I never saw a game gear last 5 hours. The one guy I knew who owned one seemed to have it run out of battery everyday on the school bus which was only like a 45 minute ride.

[–] DannyMac@sh.itjust.works 16 points 2 days ago

I got one for xmas one year, probably it's last year when Sega was clearing inventory, because I didn't ask for it. All I ever had was the pack-in Sonic title. I wish I kept it so that I could modernize it, but who would have seen that coming? I remember playing it and then seeing the battery light flash and I was like, "I wonder what that means, that can't mean a low battery since I've not been playing it all that long!" Yep, it was a low battery :(

It probably wouldn't have been a big deal IF Sega bundled a damn AC adapter with it instead of charging separately for it. It was hard to convince my parents to get me video game stuff as a kid.

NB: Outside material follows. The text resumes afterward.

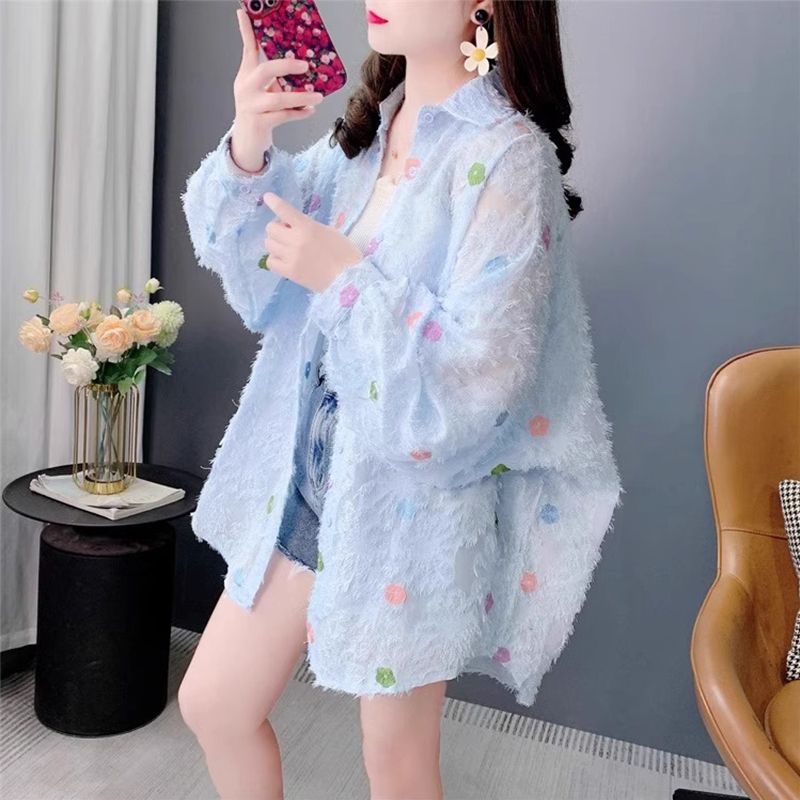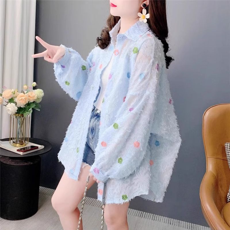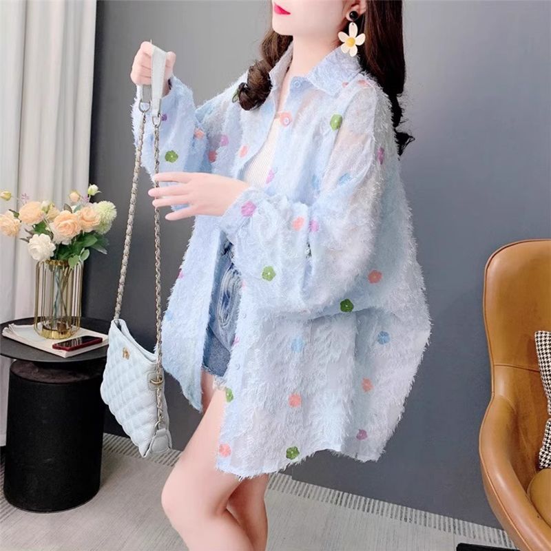 여성용 100% 폴리에스터 디자인 긴팔 자외선 차단 셔츠, 루즈핏, 캐주얼, 얇은 재킷 탑

[–] rothaine@lemmy.zip 8 points 2 days ago

He should've bought the official Game Gear AA battery bandolier

[–] InFerNo@lemmy.ml 3 points 2 days ago

I have several game gears so have some first hand experience.

90s batteries didn't last long. Regular batteries are 1.5V, rechargeable are 1.2V. When freshly charged they can be around 1.4V, but the game gear will quickly "detect" the voltage dropping and start indicating low battery.

Older batteries didn't hold as much charge as modern batteries do. You can go hours now with rechargeable batteries, but it used to be different.

As a kid, I had a game gear fanny pack that held the device, some games and all the batteries I could cram in there, which was a lot.